> _Task item_: In the copy, include exactly the lines from the one with "Явно видно, что" through the end of the data and no others, both ends kept, with every picture left out.

> _Supplied records_:

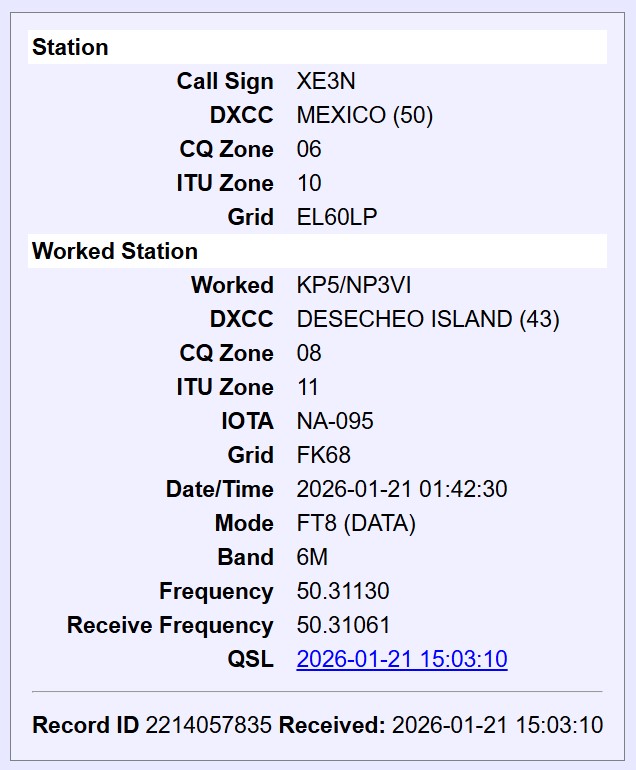 Este fue el primer contacto entre la Isla Desecheo y México en la banda de 50 mhz lo que lo convirtió en PRIMERA VEZ o “XE-First”.
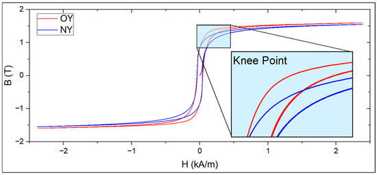 The B-H curve measurement test results are shown in Figure 4, where it can be observed that the knee point of the O-core was higher than that of the N-core. This means that the O-core had a relatively high magnetic flux density compared to the N-core for the same coercive force. Therefore, it is assumed that the B-H characteristics of this generator have improved rather than deteriorated with aging.
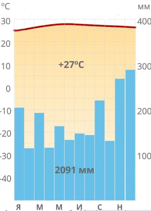 Явно видно, что это экваториальный пояс, т. к. в течении всего года температура 27°С. Экватору соответствует точка под цифрой 3.
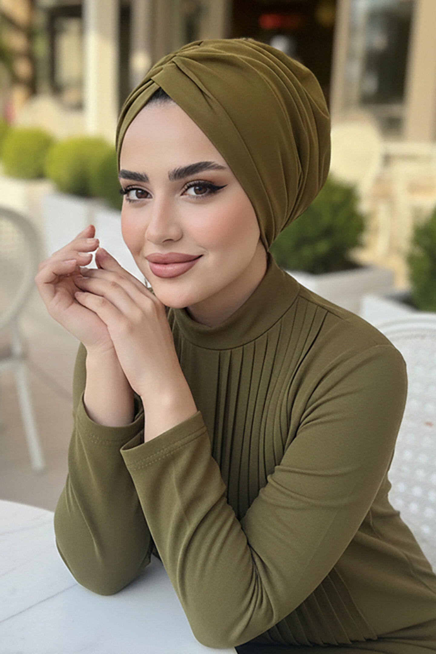 Yüksek kaliteli likralı krep kumaştan üretilen bu model, nefes alan yapısıyla terletme yapmaz. Esnek dokusu sayesinde başınızı sıkmaz ve gün boyu süren bir konfor sağlar. Mevsimlik kumaş özelliğiyle; ilkbaharın serinliğinde, yazın sıcaklarında veya sonbahar kombinlerinde rahatlıkla tercih edilebilir.
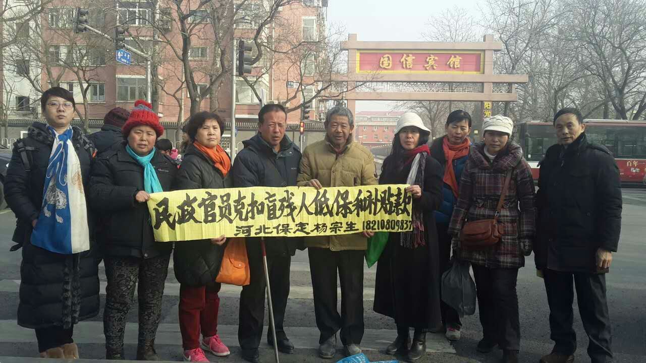 相关报道:在京访民张打横幅 谴责保定政府官员侵吞双目失眼访民杨宗生低保金和残疾补贴款
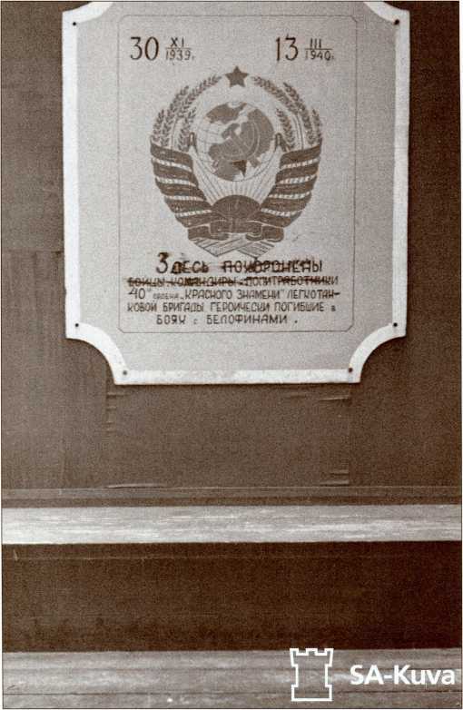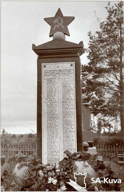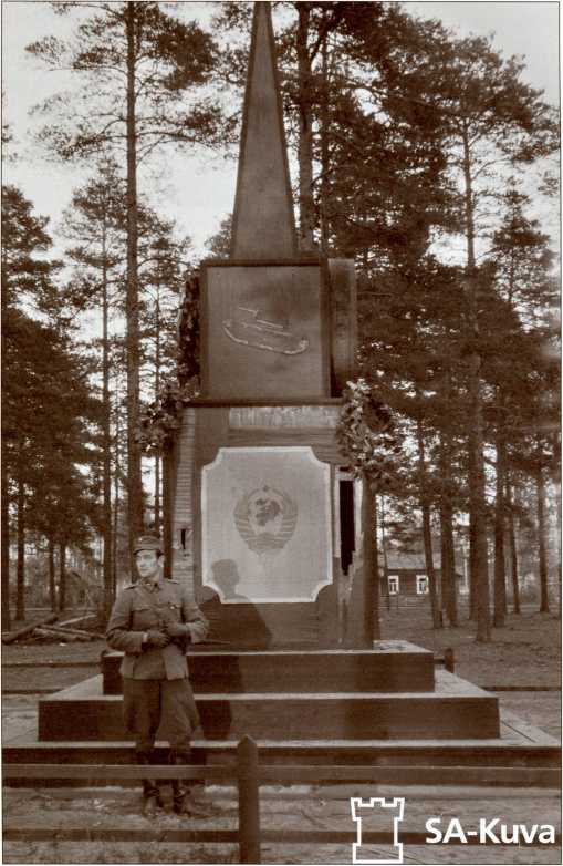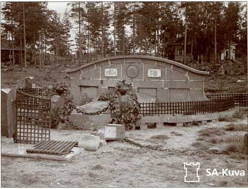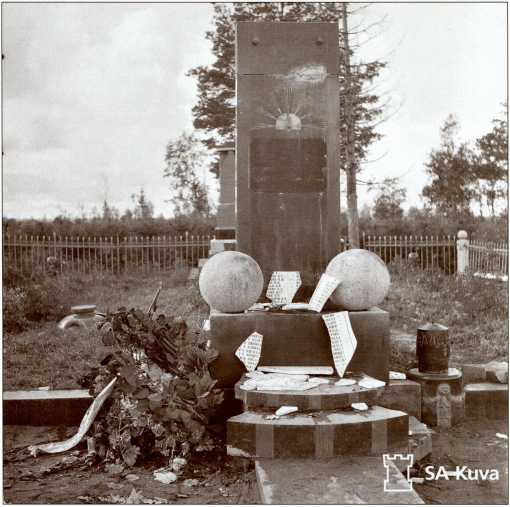 Братская могила 35-й легкотанковой бригады южнее деревни Сумманкюля (урочище Солдатское), 1941 год. Вскоре финские солдаты сбили с могилы звезду и разбили плиту с именами погибших танкистов. В наше время на этой братской могиле нет ни одного имени из первоначального списка.

> _Solution to this task_:
 Явно видно, что это экваториальный пояс, т. к. в течении всего года температура 27°С. Экватору соответствует точка под цифрой 3.
 Yüksek kaliteli likralı krep kumaştan üretilen bu model, nefes alan yapısıyla terletme yapmaz. Esnek dokusu sayesinde başınızı sıkmaz ve gün boyu süren bir konfor sağlar. Mevsimlik kumaş özelliğiyle; ilkbaharın serinliğinde, yazın sıcaklarında veya sonbahar kombinlerinde rahatlıkla tercih edilebilir.
 相关报道:在京访民张打横幅 谴责保定政府官员侵吞双目失眼访民杨宗生低保金和残疾补贴款
 Братская могила 35-й легкотанковой бригады южнее деревни Сумманкюля (урочище Солдатское), 1941 год. Вскоре финские солдаты сбили с могилы звезду и разбили плиту с именами погибших танкистов. В наше время на этой братской могиле нет ни одного имени из первоначального списка.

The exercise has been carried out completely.